Als Winfrey um eine Klarstellung bat und anmerkte, es klinge so, als wolle Cabot andeuten, dass Byron sie möglicherweise über die Trennung von seiner Frau belogen habe, lehnte Cabot ab, weitere Details zu nennen. Sie erklärte, es wäre nicht fair zu antworten, und dass sie wisse, wie es sich anfühle, wenn das eigene Privatleben öffentlich bloßgestellt wird.

„Ich möchte wirklich vorsichtig sein, denn die Welt hat für mich und in meinem Namen gesprochen, und ich möchte das nicht jemand anderem und seiner Familie antun“, sagte sie. „Vieles von dem, was mir dargestellt wurde, war nicht wahr.“

Krisenmanagement statt Romanze

Cabot erzählte der New York Times, dass sie und Byron in den Wochen nach dem Konzert in Kontakt geblieben seien und sich den ganzen Sommer über gegenseitig austauschten.

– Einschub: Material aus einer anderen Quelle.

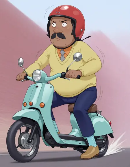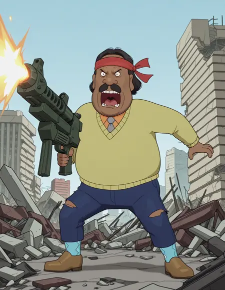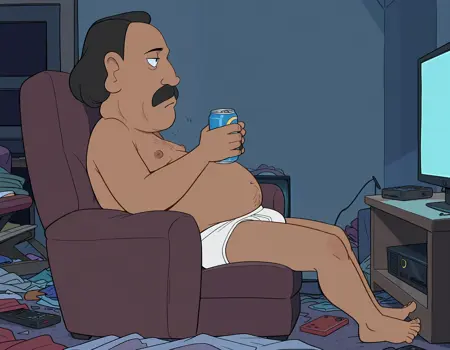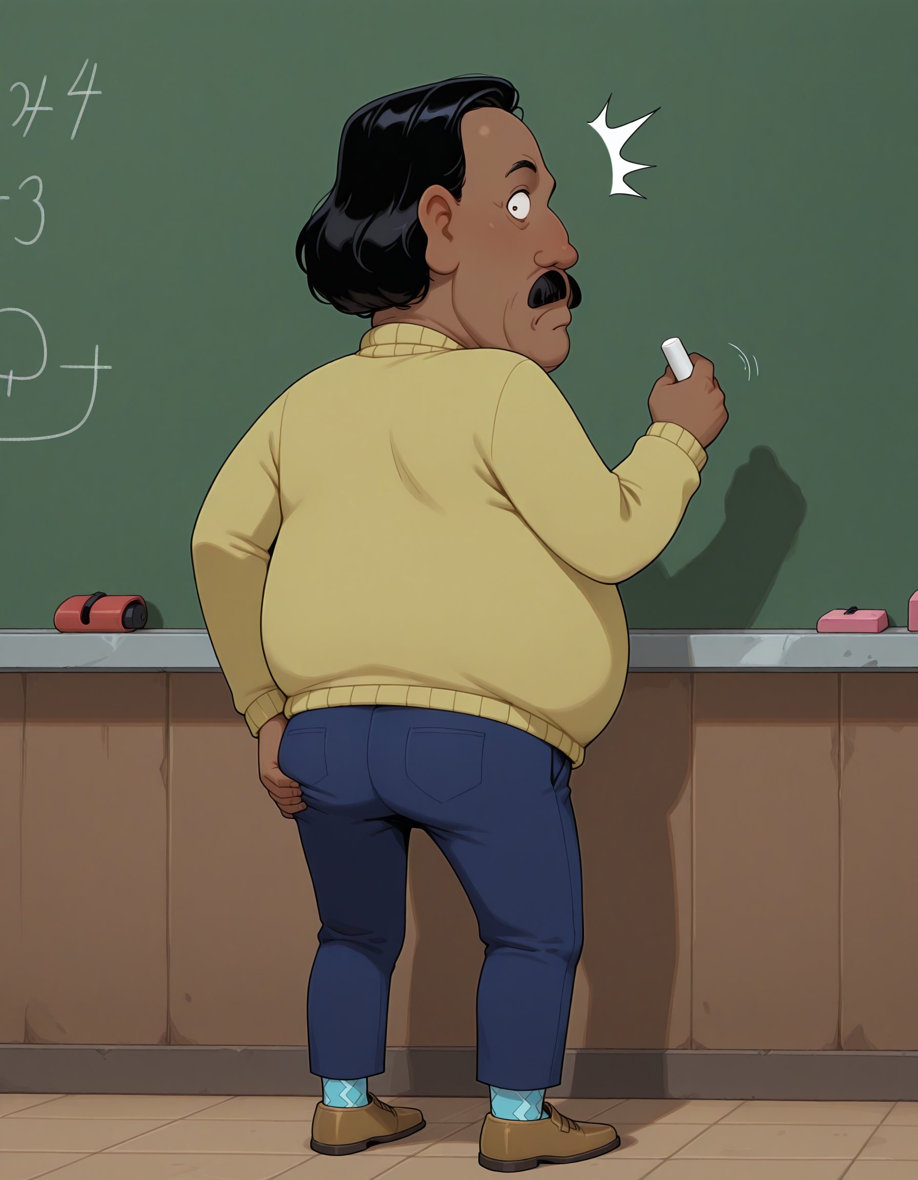 Triggers: rnm_mrgoldenfold, 1boy, solo, fat man, dark-skinned male, black hair, mustache, yellow sweater, orange undershirt, grey tie, blue pants, aqua argyle socks, brown footwear
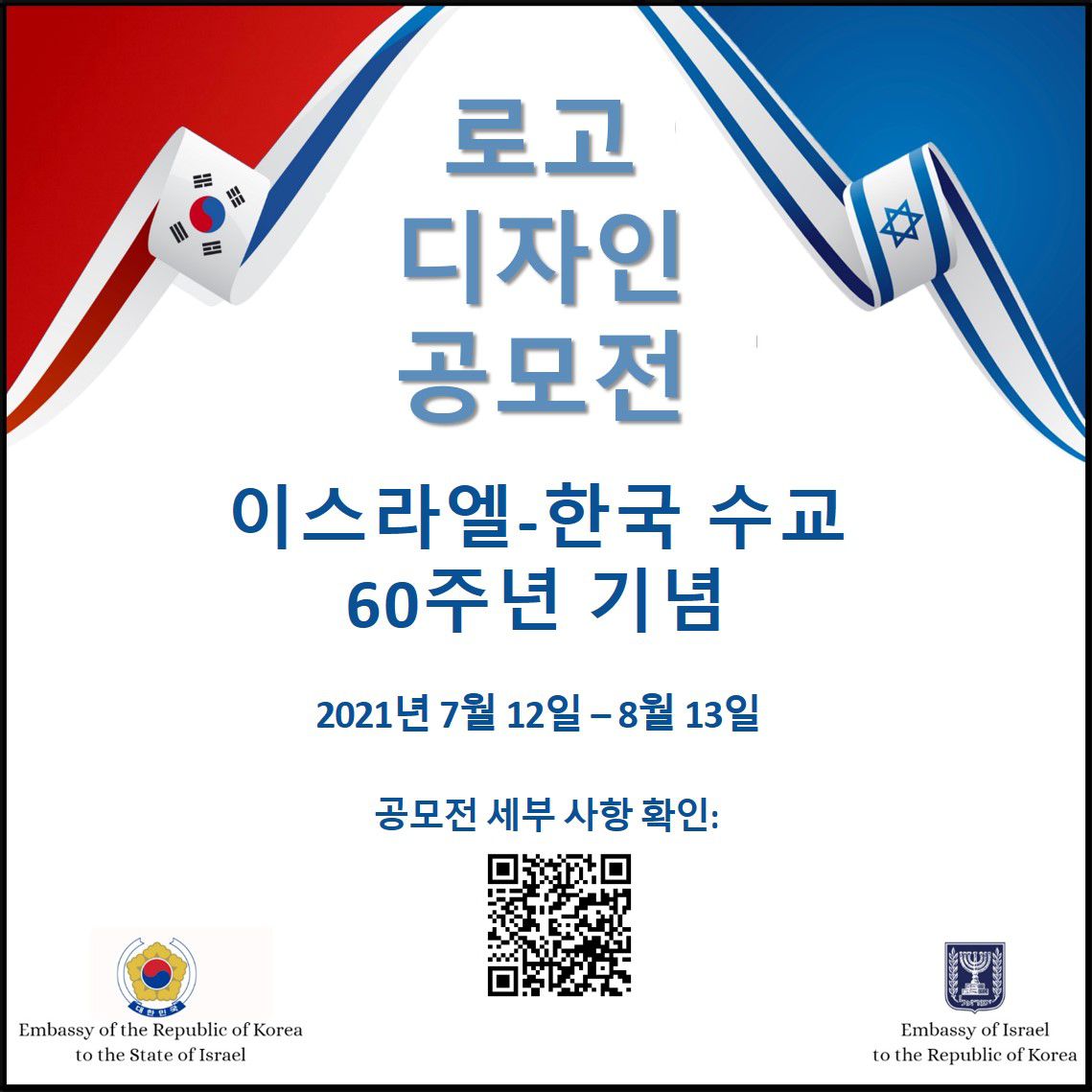 주한이스라엘대사관과 주이스라엘대한민국대사관은 2022년 수교 60주년을 기념하여 양국의 관계를 공고히하는, 역동적인 정신을 담은기념 로고 공모전을 개최합니다.
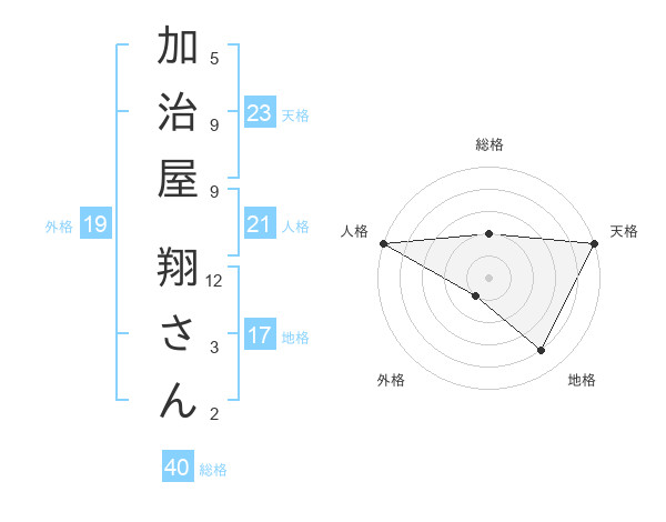 加治屋 翔さんさんを姓名の画数から五運を鑑定
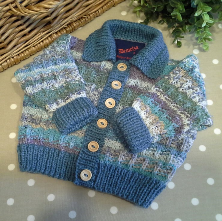 A lovely practical eye catching baby boy's cardigan lovingly designed and totally hand crafted. All yarns used are machine washable at low temperatures. The solid sage green yarn is a British manufactured premium acrylic. The multicoloured yarn has natural wool and cotton fibres mixed with acrylic fibres making the garment luxuriously softer and warmer. The buttons are made from genuine wood with a sweet sentiment burnt etched on them.
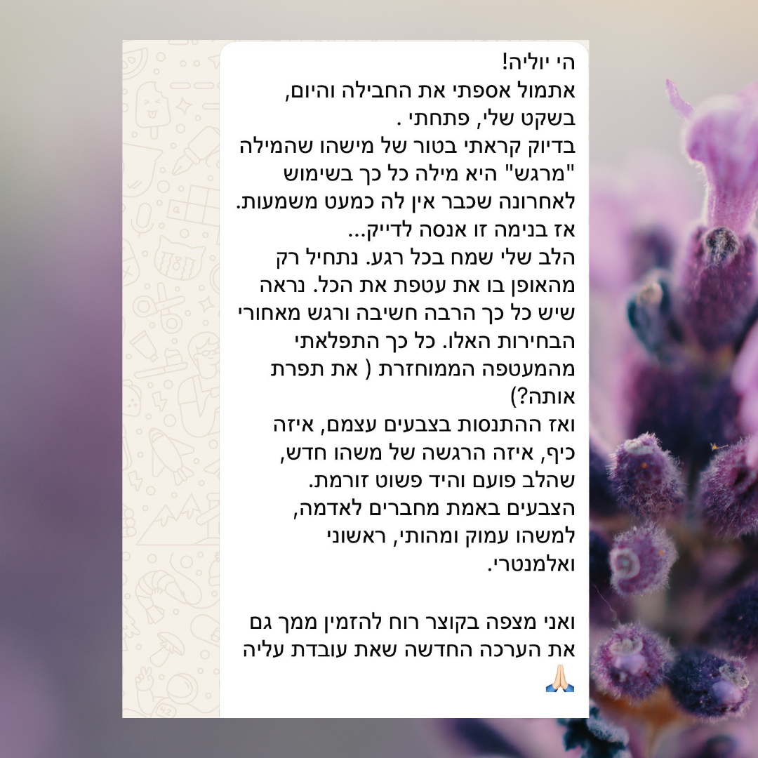כל הצבעים שתקבלו במועדון הם שיחה אישית שלי ושלכם, הם אקסקלוסיבים רק לכם ואני לא מציעה אותם למכירה.

„Ehrlich gesagt war vieles davon so wie: ‚Hi, es ist 11 Uhr an einem Dienstag – hast du einen Rat?'“, erinnerte sie sich.

In einem separaten Interview mit der britischen Times beschrieb Cabot diese Gespräche eher als „Krisenmanagement-Beratung“ denn als persönliche Angelegenheit.

Im September trafen sich die beiden zum letzten Mal. Cabot sagte, sie hätten sich darauf geeinigt, dass weiterer Kontakt es nur schwerer machen würde, für alle Beteiligten weiterzugehen und zu heilen.

„Ich habe einen unvorstellbaren Preis bezahlt“

Rückblickend auf die Nachwirkungen bei ihrem Auftritt im Oprah Podcast sagte Cabot, sie habe das Gefühl, dass sie und Byron von der Öffentlichkeit nach dem viralen Kiss-Cam-Moment sehr unterschiedlich behandelt wurden.

Als Beispiel nannte sie, dass „jedes einzelne Detail meines Aussehens auseinandergenommen wurde.“

Obwohl sie mehrfach zugab, einen „Fehler“ gemacht zu haben, sagte Cabot, die heftige globale Reaktion – sowohl online als auch offline – habe sich unverhältnismäßig hart angefühlt.

„Ich übernehme die Verantwortung für die schlechte Entscheidung, die ich in diesem Moment getroffen habe, und ich habe einen unvorstellbaren Preis dafür bezahlt“, sagte sie.